Exoskeleton Arm controlled by sEMG signals and Joystick Device

In the video above, through 3D printed parts, we were able to construct an exoskeleton prototype that was successfully able to move through the sEMG signals located on the bicep and tricep. The servo used to control the prototype exoskeleton is shown in this link.

The actual sEMG signals from the video are shown in the graphs below.

Download – sEMG w/ Exoskeleton Graph

As shown in the video above, when there was a bicep or tricep movement, the exoskeleton’s joint would move in opposite directions.

In our design project, we are aiming to also use an emergency joystick device to control the exoskeleton. The reason for this, is that in an emergency situation where the sEMG signals are not processing as expected, the joystick device can prevent hazardous outcomes.

The maximum current that the servo had drawn was slightly lower than 9 Amps. Through this knowledge, a suitable battery is going to be ordered to meet this specification, as well as at a cost of lower than 50 dollars.
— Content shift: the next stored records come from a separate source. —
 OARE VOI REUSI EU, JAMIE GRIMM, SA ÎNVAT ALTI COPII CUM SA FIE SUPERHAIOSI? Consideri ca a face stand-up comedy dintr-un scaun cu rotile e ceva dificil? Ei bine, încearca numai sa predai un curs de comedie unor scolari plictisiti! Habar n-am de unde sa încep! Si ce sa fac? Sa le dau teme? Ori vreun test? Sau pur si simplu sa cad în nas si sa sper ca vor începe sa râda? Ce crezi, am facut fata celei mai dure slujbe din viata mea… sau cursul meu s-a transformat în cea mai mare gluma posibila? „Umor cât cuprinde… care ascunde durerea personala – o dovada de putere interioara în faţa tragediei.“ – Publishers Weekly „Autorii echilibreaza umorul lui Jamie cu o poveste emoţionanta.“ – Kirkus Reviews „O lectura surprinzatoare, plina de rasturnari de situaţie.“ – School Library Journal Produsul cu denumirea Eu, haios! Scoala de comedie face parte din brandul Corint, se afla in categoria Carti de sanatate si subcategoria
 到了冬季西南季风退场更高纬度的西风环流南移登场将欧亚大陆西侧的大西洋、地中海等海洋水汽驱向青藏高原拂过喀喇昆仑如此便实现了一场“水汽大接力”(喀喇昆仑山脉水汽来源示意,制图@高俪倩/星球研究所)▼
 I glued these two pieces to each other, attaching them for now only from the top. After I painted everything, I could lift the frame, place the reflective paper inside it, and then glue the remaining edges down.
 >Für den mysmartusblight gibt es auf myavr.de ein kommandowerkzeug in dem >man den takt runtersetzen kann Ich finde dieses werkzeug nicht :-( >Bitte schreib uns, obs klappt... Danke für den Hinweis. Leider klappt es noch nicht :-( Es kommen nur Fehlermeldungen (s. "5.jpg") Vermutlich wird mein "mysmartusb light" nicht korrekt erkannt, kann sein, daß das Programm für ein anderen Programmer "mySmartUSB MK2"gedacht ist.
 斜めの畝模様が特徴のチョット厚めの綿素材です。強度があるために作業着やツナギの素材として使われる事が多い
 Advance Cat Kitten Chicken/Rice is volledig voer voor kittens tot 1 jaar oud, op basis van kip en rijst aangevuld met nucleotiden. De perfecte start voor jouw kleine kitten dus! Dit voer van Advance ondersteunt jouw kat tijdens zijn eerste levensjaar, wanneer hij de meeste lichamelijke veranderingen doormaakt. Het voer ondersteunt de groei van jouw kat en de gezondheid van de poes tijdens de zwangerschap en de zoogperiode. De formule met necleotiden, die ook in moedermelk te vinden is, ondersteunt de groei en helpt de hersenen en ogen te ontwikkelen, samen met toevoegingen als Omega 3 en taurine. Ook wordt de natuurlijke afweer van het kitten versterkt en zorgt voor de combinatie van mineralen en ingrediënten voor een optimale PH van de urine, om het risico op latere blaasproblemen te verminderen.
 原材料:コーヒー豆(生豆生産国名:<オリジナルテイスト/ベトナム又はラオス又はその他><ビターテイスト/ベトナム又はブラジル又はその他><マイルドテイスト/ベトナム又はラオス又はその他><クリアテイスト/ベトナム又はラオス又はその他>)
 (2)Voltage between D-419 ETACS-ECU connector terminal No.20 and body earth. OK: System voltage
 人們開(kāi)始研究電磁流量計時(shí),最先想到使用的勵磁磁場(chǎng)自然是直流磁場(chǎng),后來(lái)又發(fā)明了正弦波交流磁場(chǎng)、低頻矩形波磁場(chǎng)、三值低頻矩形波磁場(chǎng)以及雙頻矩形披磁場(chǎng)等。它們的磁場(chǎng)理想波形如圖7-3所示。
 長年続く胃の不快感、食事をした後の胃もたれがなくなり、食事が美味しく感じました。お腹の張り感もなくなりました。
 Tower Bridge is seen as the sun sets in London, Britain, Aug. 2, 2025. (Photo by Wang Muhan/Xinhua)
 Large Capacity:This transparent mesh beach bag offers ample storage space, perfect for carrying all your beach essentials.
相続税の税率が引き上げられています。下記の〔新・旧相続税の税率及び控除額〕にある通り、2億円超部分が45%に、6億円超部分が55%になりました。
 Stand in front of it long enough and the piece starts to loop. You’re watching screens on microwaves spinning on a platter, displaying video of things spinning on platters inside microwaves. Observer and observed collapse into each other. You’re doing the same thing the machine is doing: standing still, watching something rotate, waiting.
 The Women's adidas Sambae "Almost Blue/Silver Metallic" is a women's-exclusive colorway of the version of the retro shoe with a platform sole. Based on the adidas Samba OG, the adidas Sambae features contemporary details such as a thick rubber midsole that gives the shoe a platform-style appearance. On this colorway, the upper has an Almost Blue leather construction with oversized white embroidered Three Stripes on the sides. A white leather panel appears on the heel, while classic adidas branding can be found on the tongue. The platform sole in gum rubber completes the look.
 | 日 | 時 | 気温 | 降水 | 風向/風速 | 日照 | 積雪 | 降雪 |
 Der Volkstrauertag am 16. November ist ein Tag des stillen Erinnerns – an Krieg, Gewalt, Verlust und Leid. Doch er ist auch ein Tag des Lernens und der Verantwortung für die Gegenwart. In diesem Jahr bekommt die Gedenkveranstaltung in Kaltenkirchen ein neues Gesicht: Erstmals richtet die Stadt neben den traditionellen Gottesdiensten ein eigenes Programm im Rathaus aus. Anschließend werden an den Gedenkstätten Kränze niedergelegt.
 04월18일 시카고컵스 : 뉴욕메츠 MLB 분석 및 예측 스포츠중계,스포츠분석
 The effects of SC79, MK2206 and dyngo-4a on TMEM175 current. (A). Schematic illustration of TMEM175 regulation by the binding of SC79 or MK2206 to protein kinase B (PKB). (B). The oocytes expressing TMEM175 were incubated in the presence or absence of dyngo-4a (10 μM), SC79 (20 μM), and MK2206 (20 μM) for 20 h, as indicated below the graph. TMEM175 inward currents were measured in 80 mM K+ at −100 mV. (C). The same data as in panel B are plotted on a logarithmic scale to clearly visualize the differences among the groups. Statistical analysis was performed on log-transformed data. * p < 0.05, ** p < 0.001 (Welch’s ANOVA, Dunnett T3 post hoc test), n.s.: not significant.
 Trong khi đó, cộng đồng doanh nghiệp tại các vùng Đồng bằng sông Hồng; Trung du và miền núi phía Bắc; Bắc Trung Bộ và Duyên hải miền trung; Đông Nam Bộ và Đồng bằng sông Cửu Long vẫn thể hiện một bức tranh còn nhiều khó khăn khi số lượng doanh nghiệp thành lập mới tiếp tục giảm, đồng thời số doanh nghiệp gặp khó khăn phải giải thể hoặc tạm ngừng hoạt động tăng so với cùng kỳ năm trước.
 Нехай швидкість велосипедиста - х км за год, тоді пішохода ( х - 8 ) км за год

In the ideal situation, the battery must able to handle the maximum current for a minimum of 1 hour.

After testing the exoskeleton with sEMG signals and the joystick device, we then tried to actually use the exoskeleton with an arm.

20140223_152929

20140223_152920

20140223_153516

The Velcro straps were used to hold exoskeleton prototype with the arm. However, after performing this test, the arm barely had any movement, the design needs to be changed in a way that the servo is able to exert maximum torque to the arm.

Progress Report #1

This is our most up-to-date progress report.

Download – Progress Report #1

Video of the bicep and tricep controlling the rotation of a servo

Materials

  • sEMG Circuit x 2 (Bicep and Tricep Inputs)
  • sEMGs + alligator cords
  • Continuous Servo Motor
  • Arduino Mega2560
  • Serial Connection with the Computer (Arduino IDE + MATLAB)
  • Power Supplies (+9V, -9V, +5V)

A serial data connection was established between MATLAB and the Arduino Mega2560 in order to record data into graphs. The data recorded into MATLAB was real-time, meaning, the graphs were recording the data points immediately after the sample was taken. The method used to determine which direction the servo rotates was determined by a Threshold Method.

The threshold method is described in code below:

  //diff_voltage = bicep_voltage - tricep_voltage
  //Move up
  if (diff_voltage > 0.3){
    myservo.write(75);
  }
  //Move down
  else if (diff_voltage < -0.3){
    myservo.write(120);
  }
  //Rest
  else {
    myservo.write(95);
  }
  delay(500);

This method looks at what point on the graph the difference voltage (bicep – tricep) is and sends a signal to the servo indicating the direction of movement.

The graphs shown below, show the bicep, tricep, and the difference between the bicep and the tricep.

Download – EMG Signal Graphs

From looking at the “Bicep – Tricep” graph, when the user is flexing his or her arm, the voltages are generally more positive. However, when the user is straightening his or her arm, the voltages are generally more negative. At rest, the user has a voltage difference closer to zero. Since, there is a noticeable ripple voltage, there are some small inconsistencies with how the servo moves. In order to handle this issue, we took the RMS (root-mean-square) of a certain range of values through our analysis.

The graphs shown below, show the different RMS graphs based on the original “Bicep – Tricep” graph. For example, the RMS10 graph represents for every 10 values an RMS value is taken.

Download – RMS Graphs

The graphs below show the servo moving graphs. Where +1 is when the arm is being flexed, -1 is when the arm is being straightened, and 0 is when the arm is at rest.

Download – Servo Moving Graphs

One can conclude from the graphs that the RMS values would theoretically have better consistency with moving the servo.